The Hollywood actor, 65, played lawyer Andrew Beckett in the 1993 film, a man who is fired from his job after his bosses discover his sexuality.

Speaking to The New York Times Magazine, he said: “Let’s address, ‘Could a straight man do what I did in Philadelphia now?’ No, and rightly so.

“The whole point of Philadelphia was: don’t be afraid.

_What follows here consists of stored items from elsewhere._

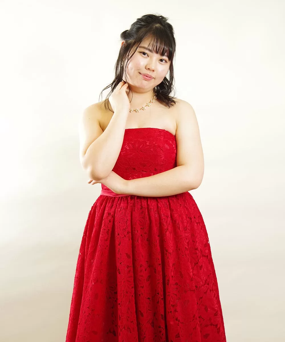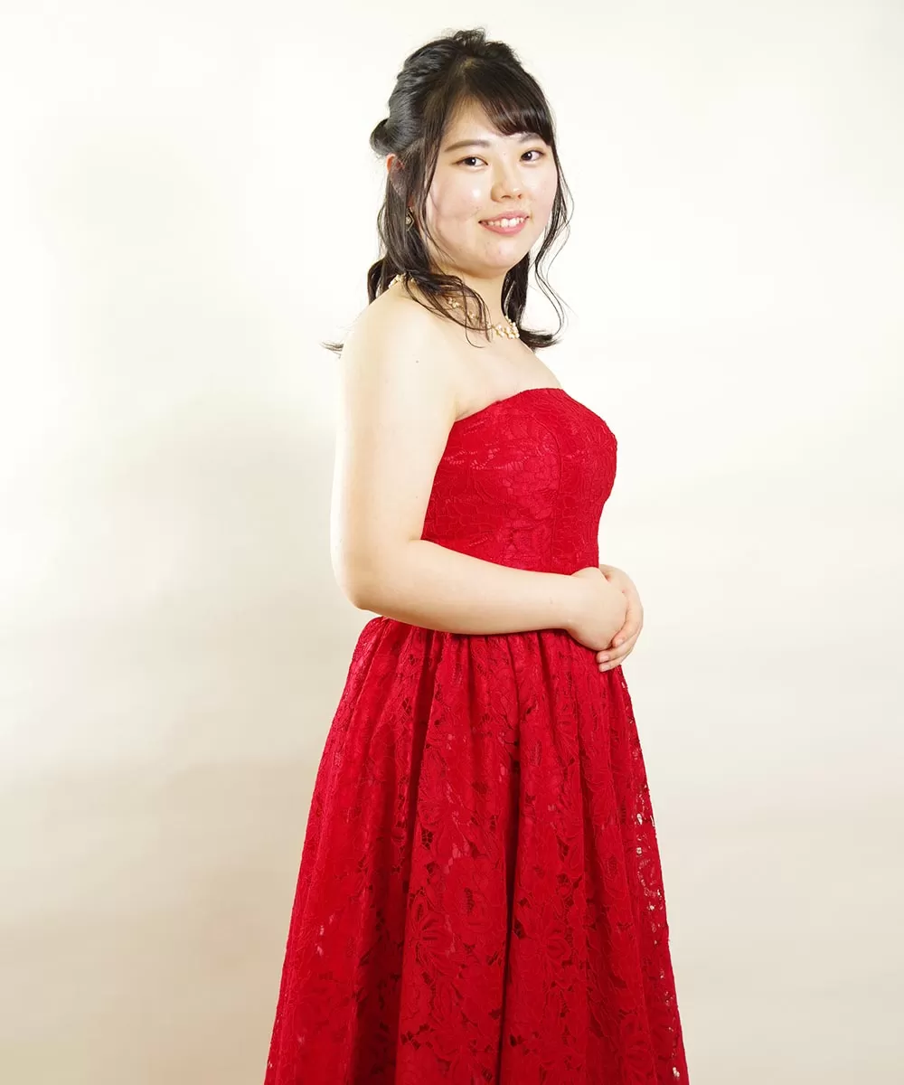 ドレスルームアミオリジナルデザインの総レースのレッドカラードレスを身に纏ってのプロフィール写真の撮影でした。今回ご来店頂いたコチラのお客様はお友達3名でご来店されて撮影を行なわれました。レッドカラーのドレスはお写真全体が明るく見える上に、お顔の色合いも綺麗に見えやすいカラーです。明るい印象の演奏を行なう際のコンサートのプロフィール写真には最適です。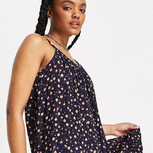Superdry Daisy Tapeze Swing Spaghetti Straps Floral Sun Beach Dress Navy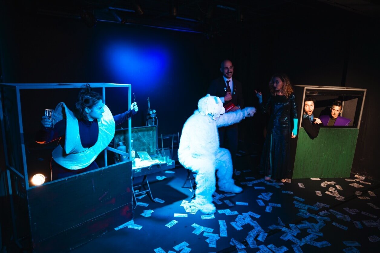 Esra Balaban’ın başarıyla hayat verdiği HFC karakteri, oyunun dünyasına olduğu kadar sahneye de taze bir soluk getiriyor. Kimyasalın etkileri ise çok geçmeden ortaya çıkıyor; CFC gözden düşüp lanetlenirken Kutup Ayısı’nın yaşam alanı yok ediliyor, felaket yalnızca kabuk değiştiriyor.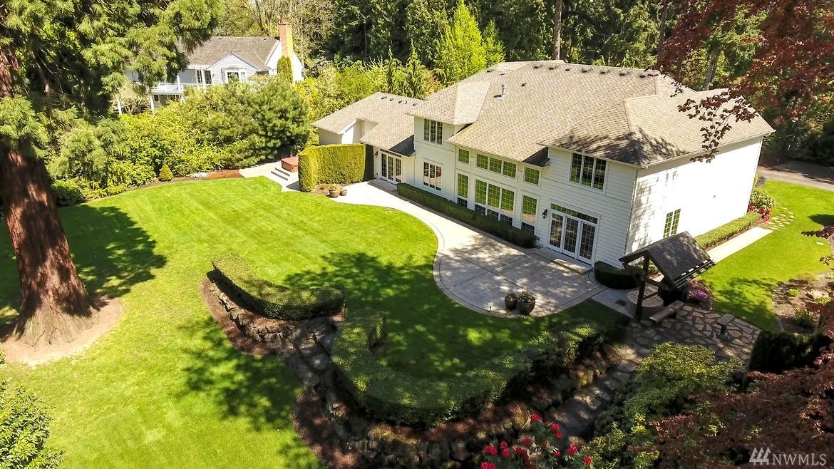 Luxe Estate in the Heart of Medina complete with 84' of shared waterfront! This grand, custom residence sits on almost an acre of manicured grounds along desirable Evergreen Point Rd. Stately entry with formal living/dining, soaring ceilings, endless windows, stunning hardwoods and detailing throughout. An imperial kitchen leads to open living and a pristine, private backyard. Lavish master suite on main level. Media and workout rooms, large office/den and 2 garages. An inspiring Medina retreat.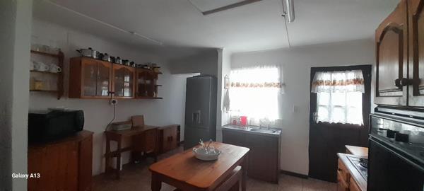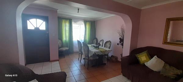 The property offers a fitted kitchen, a spacious lounge and dinette area, and is tiled throughout. The main bedroom features built-in cupboards, and the family bathroom is fitted with a shower.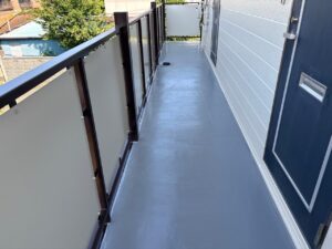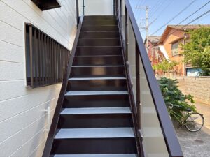 紫外線や雨風にさらされる通路や階段は、経年による劣化が進み保護性能が低下していました。建物の強度が低下するだけでなく、入居者様の安全性を確保するためにも、適切なメンテナンスが不可欠です。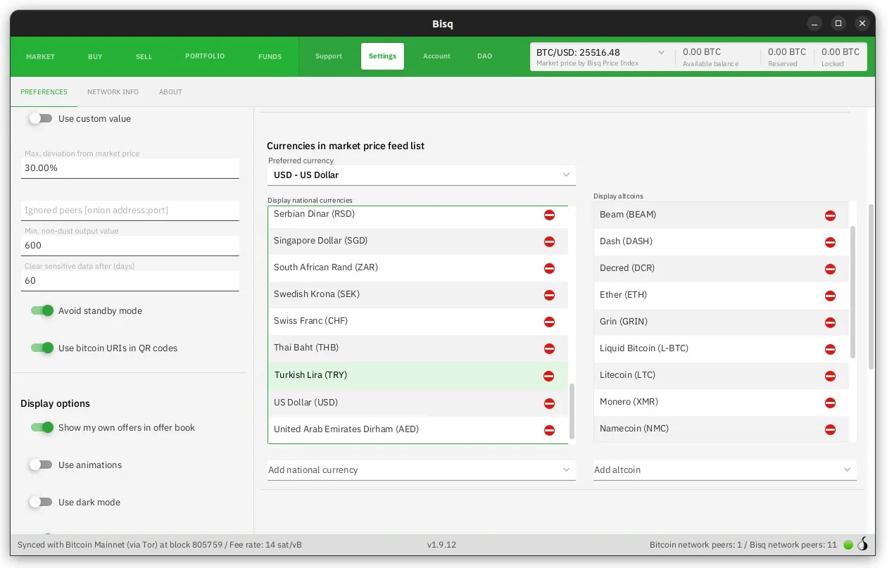 This long life also shines through when you see all the various options and features that Bisq has available. From its solid user interface, to its DAO to being able to connect it to your own full node to other less common things you don’t normally find on crypto exchanges such as full Coin Control when sending coins to another wallet, Bisq is sure to have what you crave (just not electrolytes).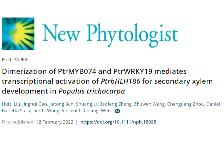 近日,林木遗传育种国家重点实验室(东北林业大学)李伟研究组在NewPhytologist(TOP期刊,IF=10.151)上在线发表了题为“DimerizationofPtrMYB074andPtrWRKY19MediatesTranscriptionalActivationofPtrbHLH186forSecondaryXylemDevelopmentinPopulustrichocarpa”的研究论文。该研究发现了调控杨树次生木质部发育的“PtrMYB074-PtrWRKY19-PtrbHLH186”分子模块,揭示了木材形成过程中转录因子(TF)TF-DNA和TF-TF相互作用的转录...

One of the reasons people weren’t afraid of that movie is that I was playing a gay man.

“We’re beyond that now, and I don’t think people would accept the inauthenticity of a straight guy playing a gay guy.”

London Literature Festival
(Ben Stevens/PA)

Hanks was speaking during an interview to promote the new Elvis Presley biopic, in which he plays the late rock and roll star’s manager, Colonel Tom Parker.

High-profile examples of straight performers playing LGBT characters include Rami Malek’s Oscar-winning portrayal of Freddie Mercury in Bohemian Rhapsody and Taron Egerton’s turn as Sir Elton John in Rocketman.

Last year, acclaimed British screenwriter Russell T Davies said straight actors should not play gay characters on screen.

Amid the debate over who should be allowed to play what roles, Davies compared a straight actor playing a gay character to black face.